▸ **Exercise brief**: Output exactly the lines from the one containing "Pley Connect has" through the final line of the entries below, both included, and skip the pictures.

:::

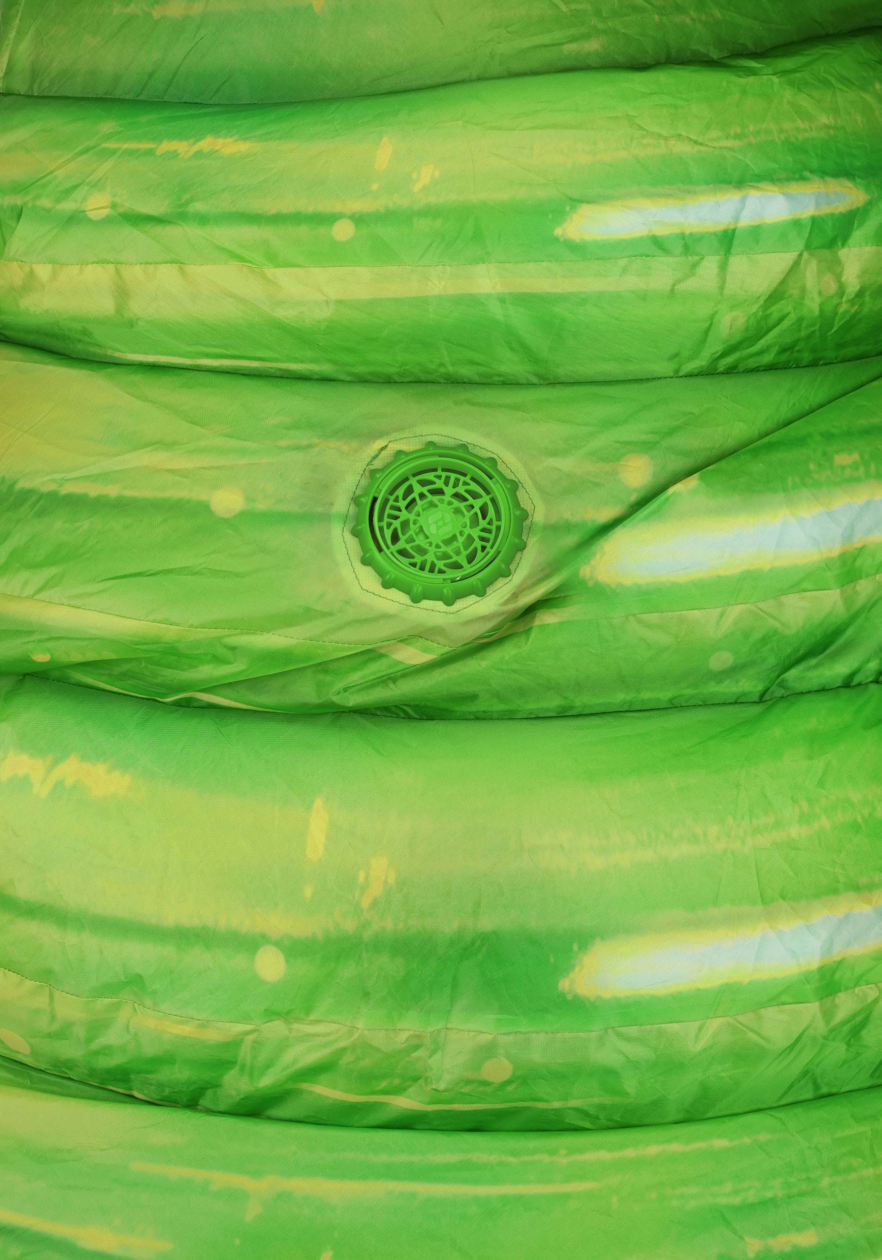 Built with lightweight windbreaker-style fabric, the suit is equipped with a built-in fan that inflates the costume in just minutes. Once inflated, the round, ringed layers create a hilariously faithful rendition of the cheerful green blob. The fan stays on during wear to maintain the bubbly, larger-than-life shape, ensuring Blobby stays bouncy and bold from start to finish.
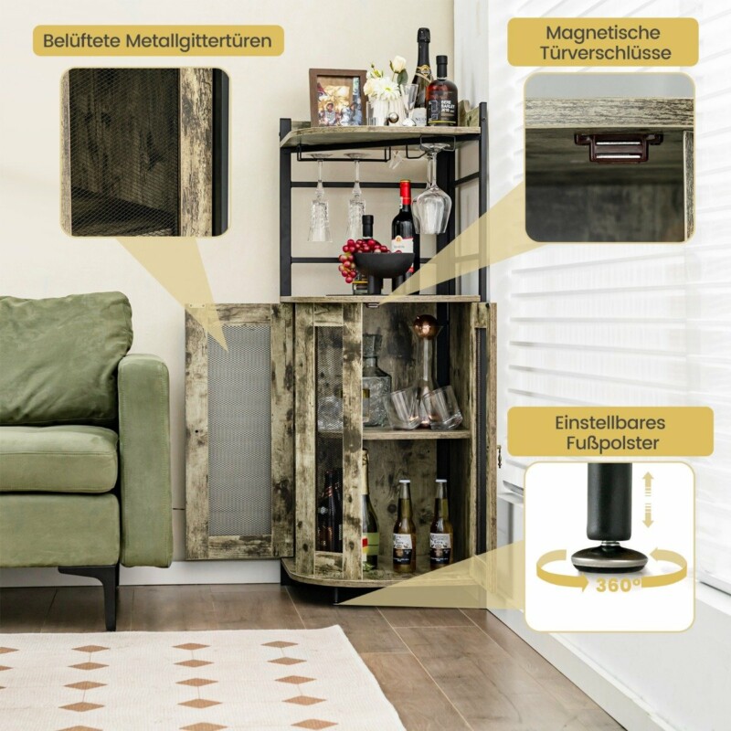 - Πολλαπλές επιλογές αποθήκευσης: Το γωνιακό ντουλάπι προσφέρει 2 σειρές βάσεις για ποτήρια κρασιού, ένα επάνω ράφι, μια ευρεία επιφάνεια εργασίας και 2 εσωτερικά ράφια για να καλύψουν τις ανάγκες σας. Η μεσαία εσωτερική ράφι μπορεί να ρυθμιστεί σε τρεις θέσεις για προσαρμοσμένο ύψος.
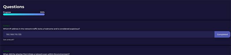 Q2. When did the attacker first initiate a network scan within the environment?
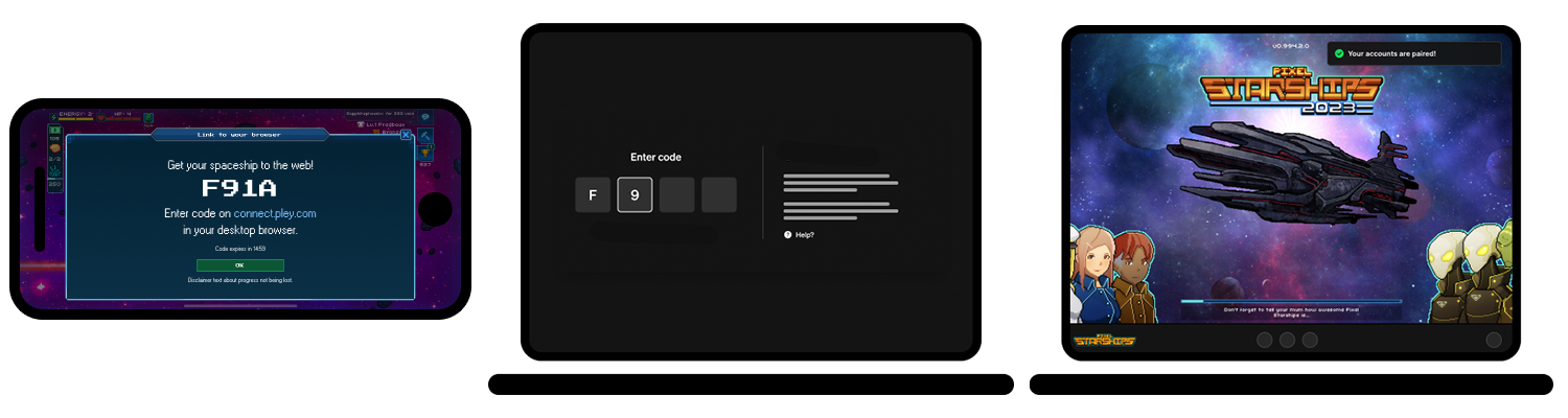 Pley Connect has two flows. First one is mobile users inputting a code from mobile onto web. Two steps to convert.
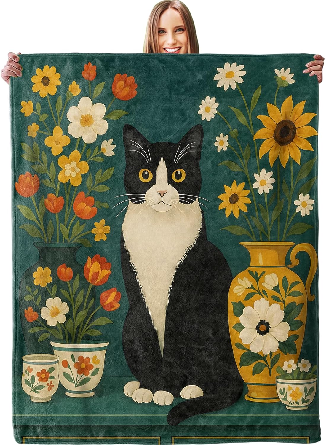 Cute Cat and Floral Blanket, Soft Lightweight Warm Cozy Flannel 60×50 inch Throw Blanket for Couch, Travel, Bed, Outdoor, Gifts for Women Men Adults Kids

:::

▸ **Response to this task**:
 Pley Connect has two flows. First one is mobile users inputting a code from mobile onto web. Two steps to convert.
 Cute Cat and Floral Blanket, Soft Lightweight Warm Cozy Flannel 60×50 inch Throw Blanket for Couch, Travel, Bed, Outdoor, Gifts for Women Men Adults Kids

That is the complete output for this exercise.